The getPrincipal(context,username,gssCredential) method in JNDIRealm is designed to allow delegated credentials to be applied to the directory server connection as part of SPNEGO authentication. This is done by manipulation of a number of the directory context's environment parameters. However, as currently implemented, these environment parameters are forcibly cleared after the getUser() call regardless of whether the values were even changed (i.e. if isUseDelegatedCredential() returned false).

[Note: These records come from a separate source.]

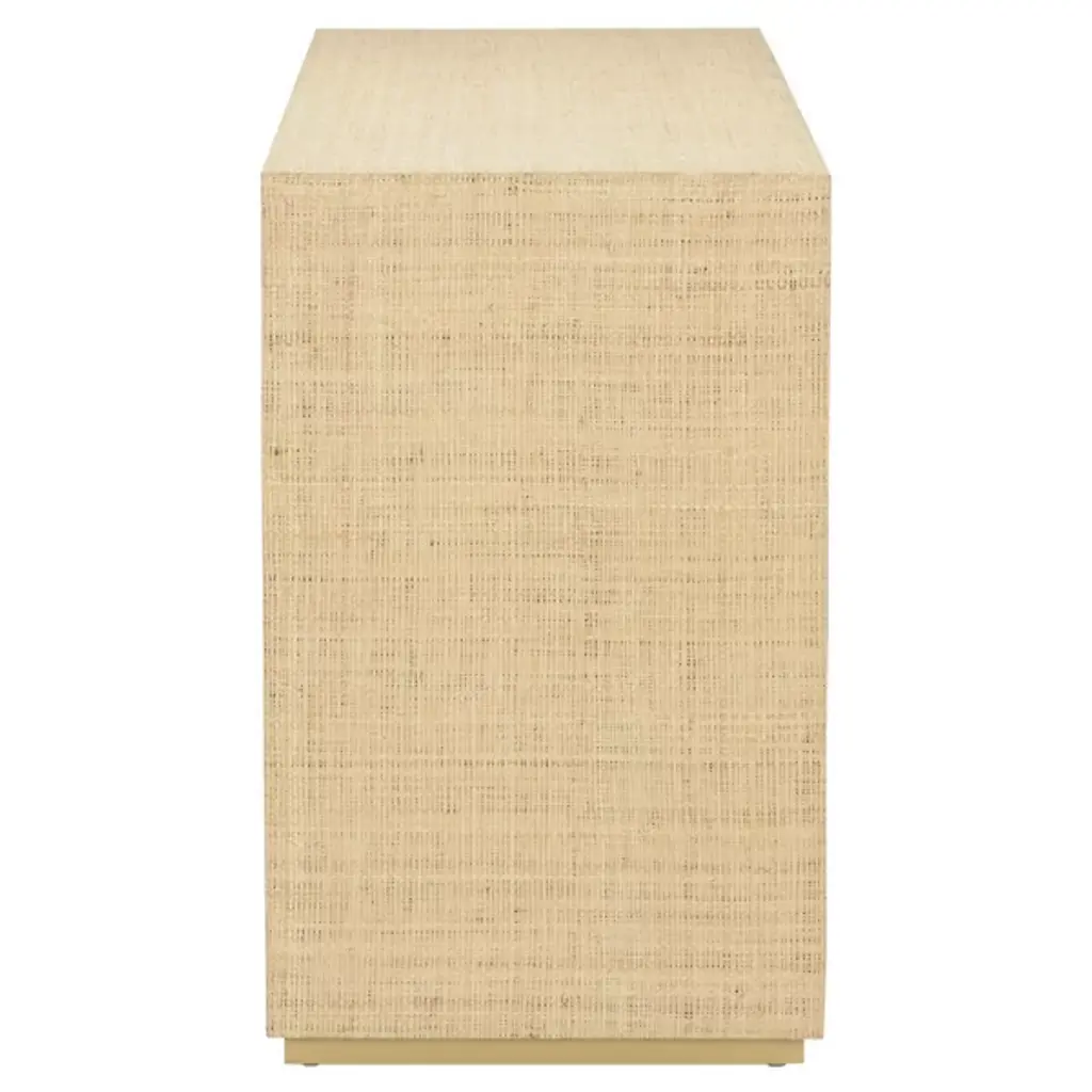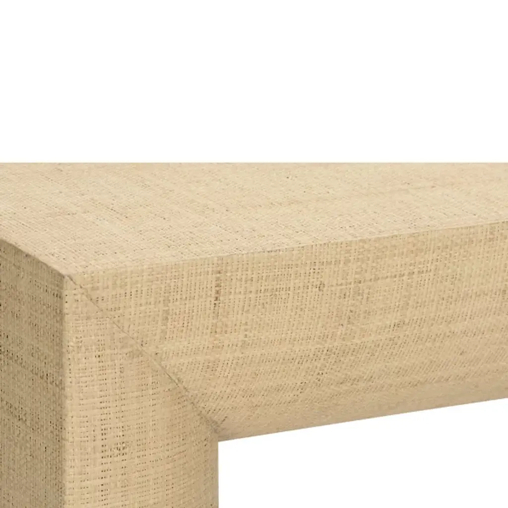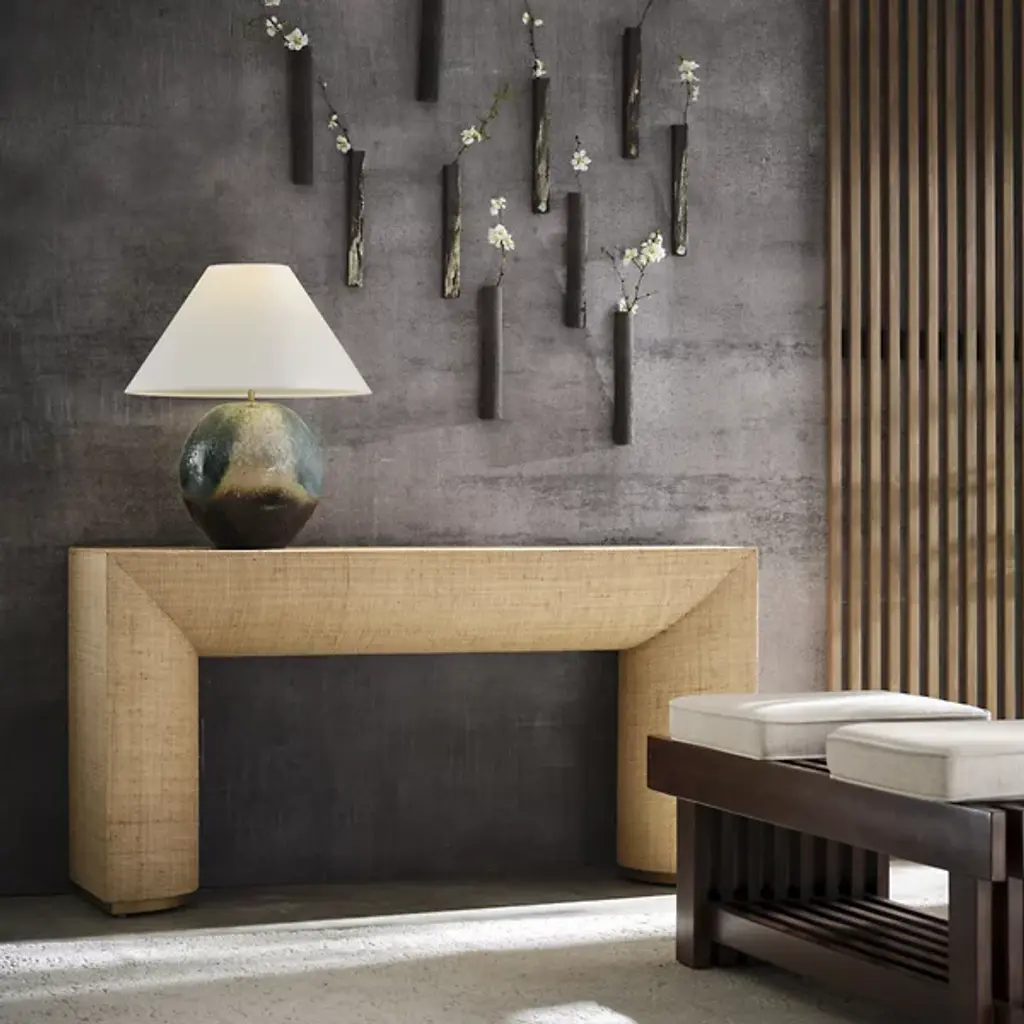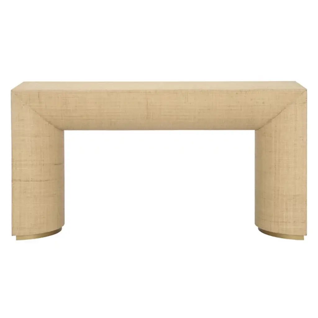 The Kamo Console Table from Wildwood departs from rigid parsons table geometry through half-rounded legs that flow into the tabletop structure. Natural raffia covering brings grasscloth-like texture to every surface, while the brass base provides metallic grounding that prevents the piece from appearing too casual. The semi-rounded leg treatment softens the table’s profile while the substantial top surface offers a generous display area. This console bridges rustic and refined sensibilities through its material pairing, demonstrating how natural fibers can achieve sophistication when combined with quality metalwork.
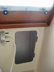 Finally, we made life easier for the mutts. We carpeted the companionway ladder, to make it easier for them to climb/descend.
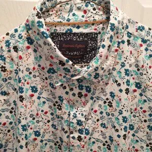 Gently used Gentlemen's Outfitters men's short sleeve button up shirt, size large. This all season shirt is 100% cotton with a floral print. Made in India. Excellent condition. Please see pictures.

If the container realm is defined to use GSSAPI authentication, only the first SPNEGO authentication request will succeed. All subsequent requests will fail with this exception: javax.naming.NamingException: [LDAP: error code 1 - 000004DC: LdapErr: DSID-0C0906DC, comment: In order to perform this operation a successful bind must be completed on the connection., data 0, v1db0 The exception is due to the Context.SECURITY_AUTHENTICATION being cleared by getPrincipal() - resulting in a attempted "simple" bind with no username/password (i.e. anonymous). A workaround is to ensure that the connectionName and connectionPassword parameters are specified in the realm definition - however, if one is using GSSAPI - this shouldn't be necessary and certainly defeats the purpose of using GSSAPI in the first place. The code should preserve pre-existing environment parameters in the context before changing them, then restore those values afterwards - rather than just clearing the settings completely.
Created attachment 30671 [details] Patch to restore context params Here is a proposed patch for JNDIRealm.java which resolves the issue for me.
Thanks for the report and the patch. Fixed in trunk and 7.0.x and will be included in 7.0.43 onwards.